Courtesy Mike Bojanowski

Not many people saw this game. Nor was it covered well in the newspapers.

The years of neglect had finally caught up with the Cubs. Just three years after they had won the National League pennant, they were reduced to fighting to stay out of last place.

1948 also brought labor strife to the Chicago newspaper industry. There was a strike of composing-room employees that lasted over a year, from late 1947 through early 1949. (Some think this might have been one of the reasons the famous "DEWEY DEFEATS TRUMAN" headline appeared in the Tribune that election day.)

It also resulted in articles that were "typeset" like this one:

Essentially, the writers and editors were writing these things on a typewriter, then photographing them, before they were placed on a printing plate (as opposed to being typeset with single metal letters, as had been done for decades).

The bylines for writers, at least in the sports sections I found in the Tribune archives, were eliminated. So the name of whoever wrote this recap is lost to the ages:

The Cubs and Cincinnati Reds went through an hour and 58 minutes of exercise yesterday in Wrigley field to shed some light on which of the two will eventually fall heir to the National league cellar berth. When the activities for the afternoon were over, the Cubs not only discovered that they had won, 6 to 2, but had tied Cincinnati for seventh place.

No extra police detail was needed to take care of the crowd yesterday, but the 3,451 fans who turned out for the jolly little affair went away well pleased with the Chicagoans' heroics.

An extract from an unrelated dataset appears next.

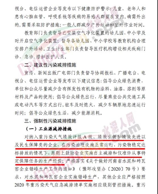 工業(yè)源減排措施要求對(duì)納入重污染天氣績(jī)效評(píng)級(jí)A級(jí)、績(jī)效引領(lǐng)和績(jī)效先進(jìn)以及民生保障類(lèi)的企業(yè),在污染治理設(shè)施正常運(yùn)行、污染物穩(wěn)定達(dá)標(biāo)排放的情況下,原則上鼓勵(lì)企業(yè)實(shí)施自主減排和僅準(zhǔn)許從事特定保障任務(wù)的生產(chǎn)經(jīng)營(yíng);嚴(yán)格落實(shí)《關(guān)于做好河南省水泥和磚瓦窯企業(yè)錯(cuò)峰生產(chǎn)工作的通知》(豫環(huán)攻堅(jiān)辦〔2020〕70號(hào))要求,對(duì)水泥和磚瓦窯企業(yè)實(shí)施錯(cuò)峰生產(chǎn),其他企業(yè)應(yīng)嚴(yán)格按照2020年重污染天氣應(yīng)急減排清單實(shí)施相應(yīng)級(jí)別管控措施。
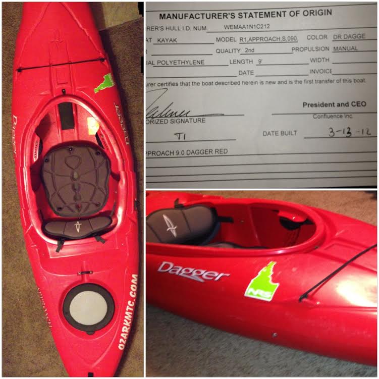 Have a 2012 Dagger Approach 9.0 for sale as well as a Bob Shelter Spray skirt to fit it. This is an excellent start up kayak for anyone looking to get into recreational kayaking. The boat was bought new on Easter weekend of 2013 and has had minimal use so the boat and skirt price I am asking $350 (negotiable). I also have an NRS Ninja Type III PFD (life jacket) I am asking $70 for and an NRS Livery Helmet that I am asking $20 for. If anyone is interested in all the gear my price would be $400 and anyone seeking the individual gear can contact me through this post or e-mail me at robert.jones@smail.astate.edu. Thanks guys and gals!

That's actually pretty snarky writing for 1948. Maybe the writer, knowing his identity wouldn't be revealed in print, decided to be a little bit sarcastic. After all, the Cubs, from 1929-1945, had been one of the best teams in the National League. This was a tremendous fall from grace; not only did the Cubs lose two of their last three to finish last in the league for the second time in franchise history, but the day before the season ended, they lost to the Cardinals in St. Louis for their 90th defeat of 1948. It was the first time in franchise history the Cubs had lost 90 games. (By comparison, the woeful Phillies had 24 90-loss seasons by 1948.)

Cubs fans in 1948 could not imagine that their favorite team would lose 90 or more 10 times in the next 18 years. The team was entering the worst era in club history.